Initialize self. See help(type(self)) for accurate signature.


Lévy areas¤

Brownian controls can return certain types of Lévy areas. These are iterated integrals of the Brownian motion, and are used by some SDE solvers. When a solver requires a Lévy area, it will have a minimal_levy_area attribute, which will always return an abstract Lévy area type, and it can accept any subclass of that type. The inheritance hierarchy is as follows:

AbstractBrownianIncrement
│   └── BrownianIncrement
└── AbstractSpaceTimeLevyArea
    │   └── SpaceTimeLevyArea
    └── AbstractSpaceTimeTimeLevyArea
            └── SpaceTimeTimeLevyArea
For example if solver.minimal_levy_area returns an AbstractSpaceTimeLevyArea, then the Brownian motion (which is either an UnsafeBrownianPath or a VirtualBrownianTree) should be initialized with levy_area=SpaceTimeLevyArea or levy_area=SpaceTimeTimeLevyArea. Note that for the Brownian motion, a concrete class must be used, not its abstract parent.

diffrax.AbstractBrownianIncrement ¤

Abstract base class for all Brownian increments.

diffrax.BrownianIncrement (AbstractBrownianIncrement) ¤

Pytree containing the dt time increment and W the Brownian motion.

diffrax.AbstractSpaceTimeLevyArea (AbstractBrownianIncrement) ¤

Abstract base class for all Space Time Levy Areas.

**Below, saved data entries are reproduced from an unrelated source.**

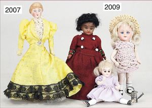 Biskuitporzellan-Kurbelkopf, Puppe, 12 cm, braune Schlafaugen, off. Mund, Masse-Stehkörper, dazu 2 Ganzbiskuitpuppen, 9 cm-11 cm
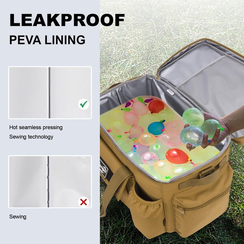 - Exceptional Durability: The exterior is made of durable rip-stop 600D Oxford materials, enhanced with a layer of waterproof PVC for added protection. Our cooler bag comes with reinforced double-stitched carry options. We've reinforced all the pick-up points to ensure superior strength and reliability. This cooler bag can handle more weight than you'd prefer to carry, making it perfect for all your adventures.
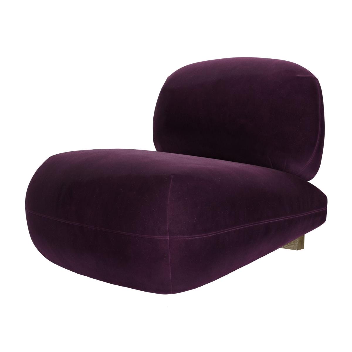 I love this armchair for its plush Damson velvet, which adds a rich splash of colour and texture to any room. Its relaxed, low-profile shape makes it ideal for contemporary or eclectic interiors, working well in living rooms, cosy corners, or even bedrooms. To style it effectively, consider pairing it with neutral or metallic accents to let the deep hue stand out, and layer with soft throws or patterned cushions for added comfort and visual interest. Due to its bold colour and tactile fabric, it’s a versatile statement piece that can elevate a space but still feels inviting and approachable.
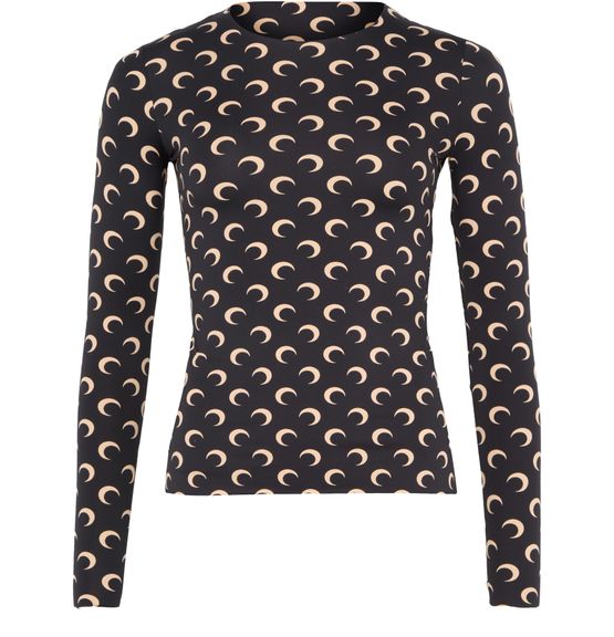 Marine Serre's Moon printed jersey Second Skin crewneck top showcases a fitted waist and regular length, perfect for a stylish silhouette. With long-sleeved design and all-over print, it features a printed logo at the back and visible stitching, making it a standout piece in any modern wardrobe.
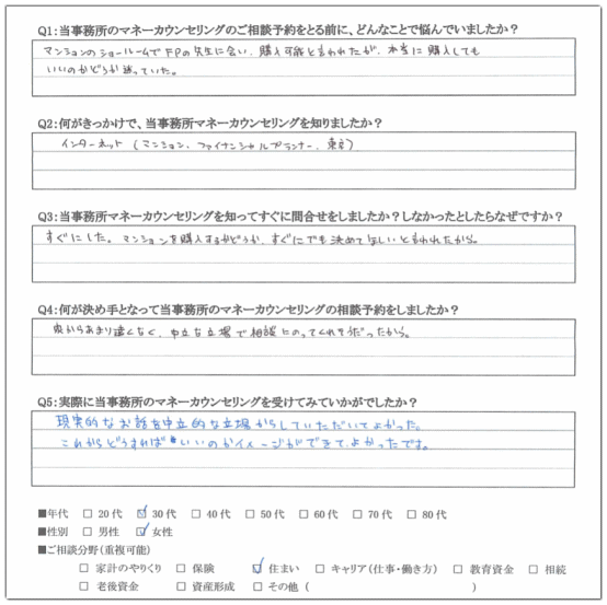 「マンションのショールームでFPの先生に会い、購入可能と言われたが、本当に購入してもいいのかどうか迷っていた。」
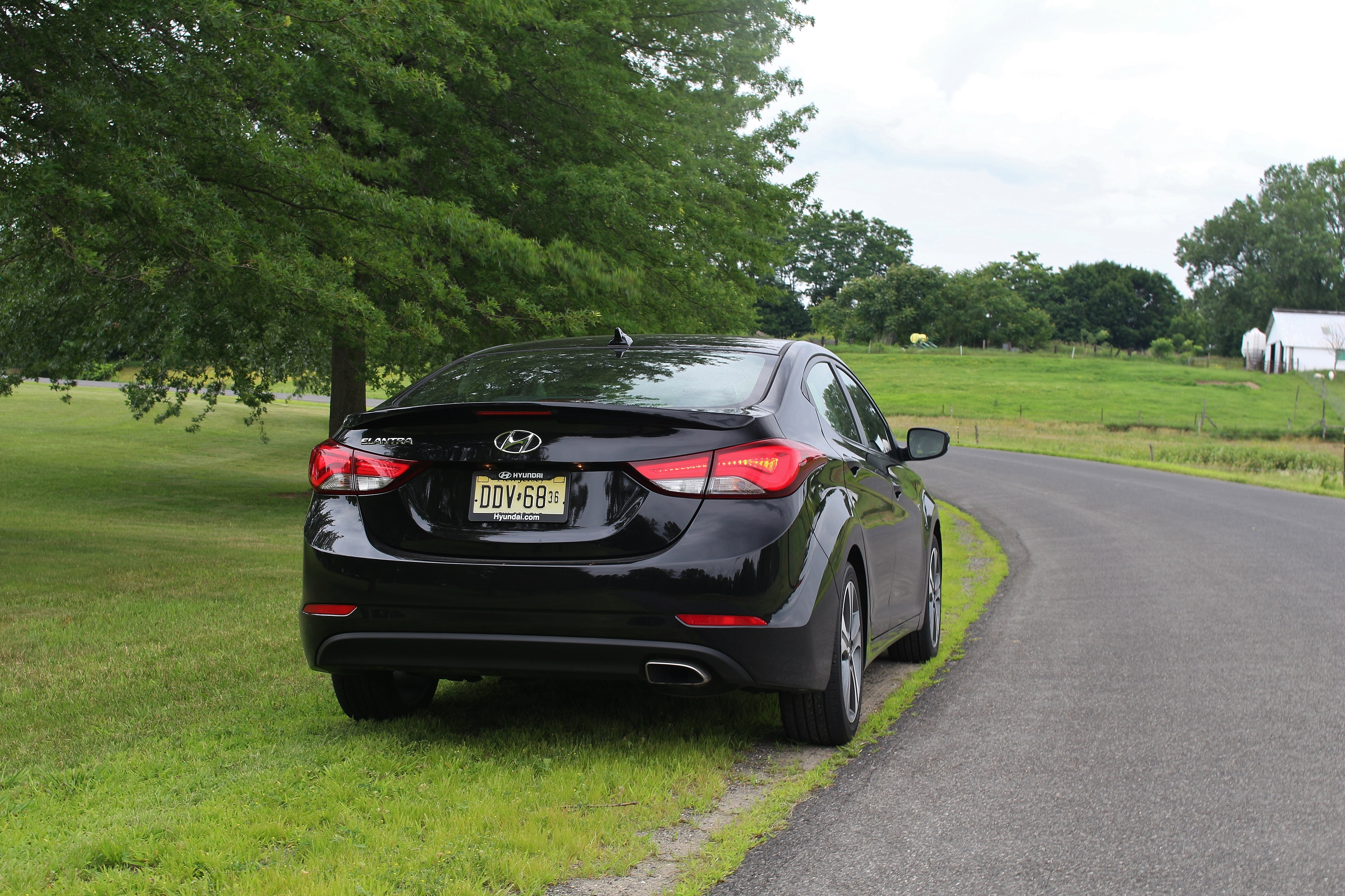 You cannot go wrong with Hyundai’s infotainment system. Its menus are easy to navigate. No one wants to spend a lot of time learning how to use a navigation system, and Hyundai’s designers understand that. The Tech Package’s 7” touchscreen is bright and responsive. Throughout the interior you’ll find some hard plastics, but they incorporated well with other textures and designs to continue that premium appearance. When I popped open the trunk for the first time, I was amazed by the amount of cargo space (14.8 cubic feet). Overall, the interior is roomy, too. The Elantra has more front leg room than the Toyota Corolla and Honda Civic. The only notable issue was a slight lack of headroom for those over six feet tall.
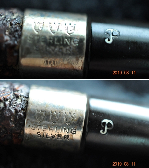 He took a photo of the stamping on the left side of the shank. You can see that it is clear and readable. On the right side it is stamped with the shape number W36. The top of the saddle stem has a brass O inset in the vulcanite.
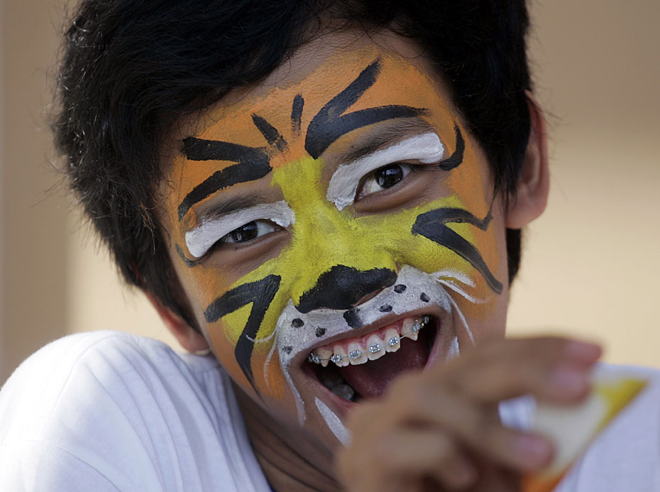 馬來(lái)西亞民眾繪虎面呼吁保護(hù)野生虎
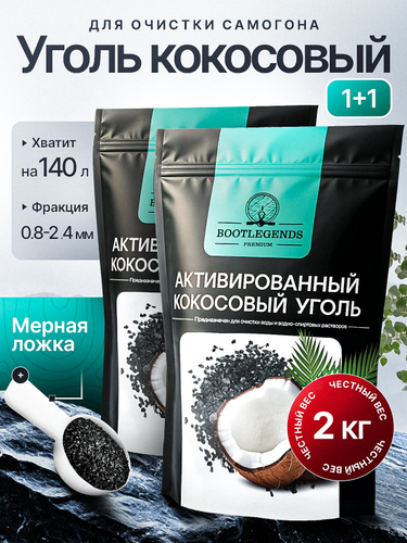 Уголь кокосовый активированный 2 кг PREMIUM BOOTLEGENDS для очистки самогона
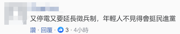 另有網友提起此前就曾引發爭議的事件,“又停電又要延長征兵制,年輕人不見得會挺民進黨”。↓
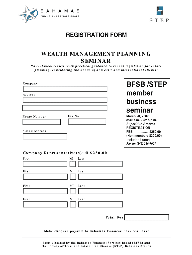 A registration form for a seminar focused on estate planning, addressing recent legislation and the needs of both domestic and international clients.
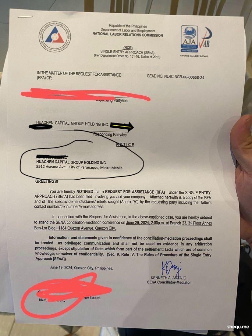 "这口气我是咽不下去的,我必须要去NLRC!" 这是当时收到人事反馈之后的想法,于是于6月26号参加仲裁会议;结果是大家没有谈成,你们甚至一毛钱都不答应给,华臣资本果然真的很厉害,实力够硬!不过不好意思这次你们遇到刺头了,这事没完,第一次仲裁会议上时候我就跟你们的人说过,这事要是没有一个满意的解决方案,没完,我会继续上诉,我会联系Raffy Tulfo (万国村事件发生的关键人物)和他的团队,我会去他们的媒体办公室;这事我是一点都不怕越闹越闹,我心里一点不虚,我做了在工作期间我已经该做的了!在菲律宾的华人公司里,某些领导你们不要永远觉得你们公司里的所有华人员工都会认哑巴亏的,员工永远是错的,领导永远对的!跟领导吵架就都是员工的错,都是员工的问题!简直是可笑!我就想问一句,一个岗位过去不到一年的期间内 换了4个员工,都是员工的问题?我跟这位领导只吵过这一次假,也是最后一次,因为我忍不了了,敢问他自己心里没数嘛?
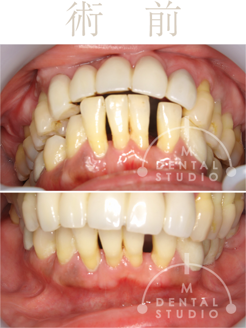 下の前歯の裏側の歯茎が下がった場合 - 歯茎の再生で歯周病から歯を守る。

diffrax.SpaceTimeLevyArea (AbstractSpaceTimeLevyArea) ¤

Pytree containing the dt time increment, W the Brownian motion, and H the Space Time Levy Area.

diffrax.AbstractSpaceTimeTimeLevyArea (AbstractSpaceTimeLevyArea) ¤

Abstract base class for all Space Time Time Levy Areas.

diffrax.SpaceTimeTimeLevyArea (AbstractSpaceTimeTimeLevyArea) ¤

Pytree containing the dt time increment, W the Brownian motion, H the Space Time Levy Area, and K the Space Time Time Levy Area.